Semiconductor giant Nvidia is also set to report its second quarter fiscal 2025 earnings (ending July 28) today after US markets close. The stock has already gained nearly 155% so far in 2024, and is expected to rally even further in the coming quarters.

One of the most bullish estimates for Nvidia’s share prices is from Beth Kindig, CEO and Lead technology analyst at the I/O Fund, who has predicted the company’s market capitalization to reach $10 trillion by 2030 or even sooner–implying an upside potential of almost 218%. The analyst expects the company’s full-stack AI platform, accelerated product roadmap, and the solid moat created by the company’s CUDA software ecosystem to be major drivers for its stock.

Nvidia is seeing an explosion in demand for its AI chips and systems. Consumer internet companies, cloud providers, and enterprises across industries and geographies are increasingly using Nvidia’s AI chips, networking solutions, and AI-optimized software in data centers and generative AI applications.

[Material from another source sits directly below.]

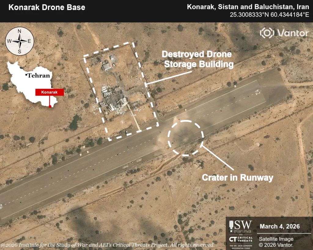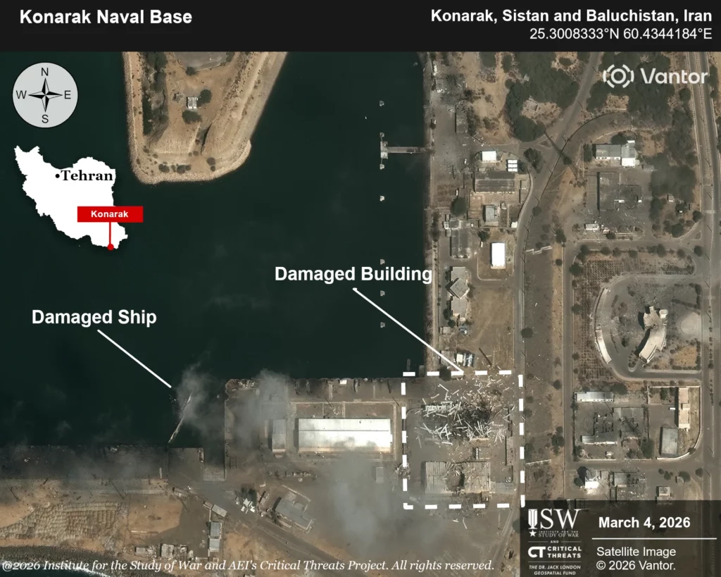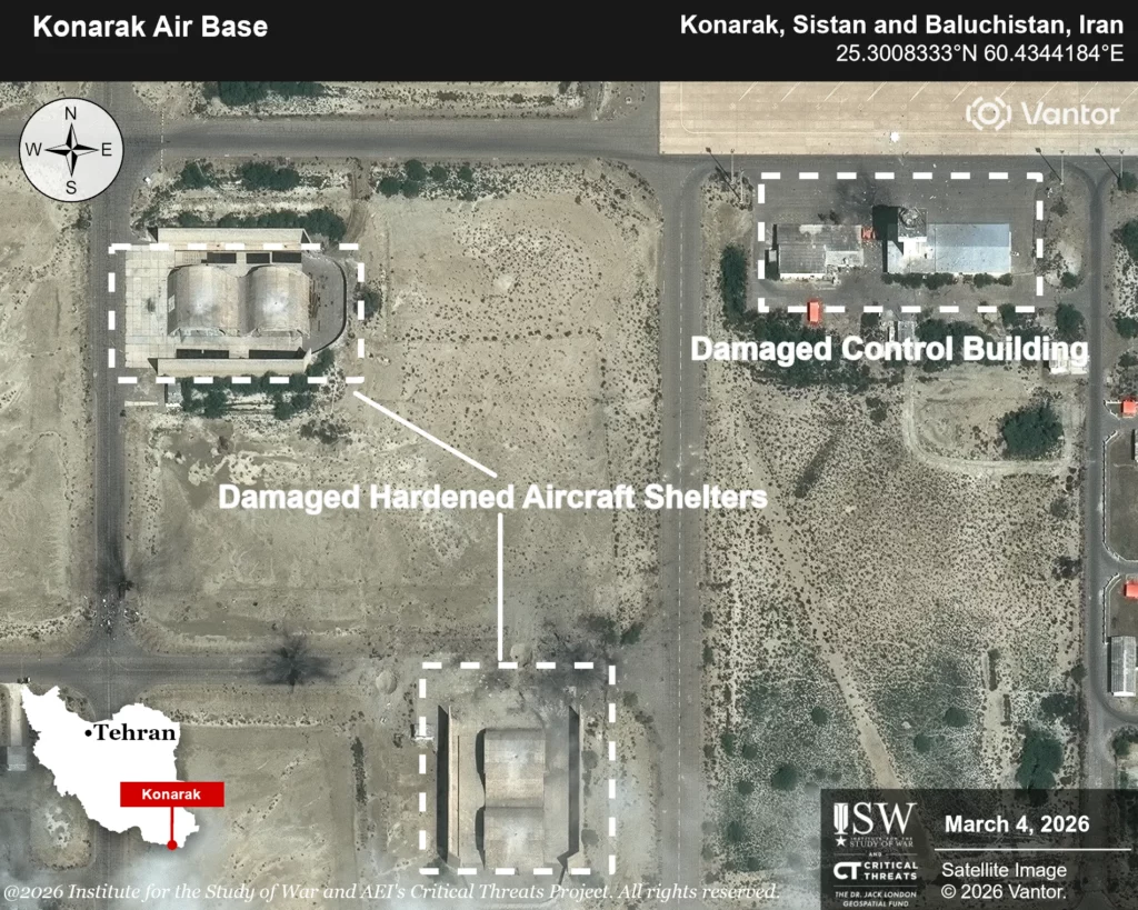 The combined force has continued to degrade Iran’s ballistic missile and drone capabilities to disrupt Iran’s ability to launch retaliatory attacks against Israel and US forces. Commercially available satellite imagery captured on March 4 shows that the combined force struck the Konarak drone base in Konarak, Sistan and Baluchistan Province, destroying a drone storage building and cratering the runway. The runway craters will temporarily prevent takeoffs. The combined force struck the drone base on March 1.[1] Commercially available satellite imagery captured on March 4 shows the combined force also struck the Konarak Airbase and damaged hardened aircraft shelters and a control building. The Konarak Airbase was reportedly transformed from a civilian airport into a military facility to launch drones.[2] Commercially available satellite imagery captured on March 4 also shows that the combined force destroyed an unspecified facility at the Khorramabad Missile Base in Khorramabad, Lorestan Province. The Khorramabad Missile Base reportedly contained multiple launchers and storage tunnels for ballistic and cruise missiles, specifically Shahab-3 medium-range ballistic missiles.[3] Israel previously struck the base in June 2025.[4] The decrease in retaliatory Iranian drone and missile attacks strongly suggests that the US-Israeli effort to destroy Iran’s ballistic missile and drone capabilities has had considerable success.[5]

Subsequently, in the first quarter of fiscal 2025, Nvidia’s data center revenues soared by 427% year-over-year to $22.6 billion. Demand for the company’s next-generation H200 and Blackwell architecture chips is expected to surpass demand till 2025. This implies that Nvidia will enjoy significant pricing power in the future months. The company is also exploring using liquid-cooling solutions for data centers, which can result in dramatic energy savings. Hence, with the global data center market estimated to be worth $416.10 billion in 2024, Nvidia seems well-positioned to benefit from this opportunity.

Furthermore, Nvidia is also gearing up to expand its total addressable market. The company expects Sovereign AI (initiatives by various governments to develop domestic AI capabilities) to translate into high single-digit billions in revenues in 2024, a dramatic increase from nothing in the previous year. The company also expects autonomous driving initiatives to further drive demand rapidly for AI chips and systems in coming quarters.

Nvidia is trading at 39 times trailing-twelve-month sales, far more than its historical five-year average of around 24. Despite the expensive valuation, the company’s AI technology leadership, robust financials, and expanding market opportunities make it an attractive pick now.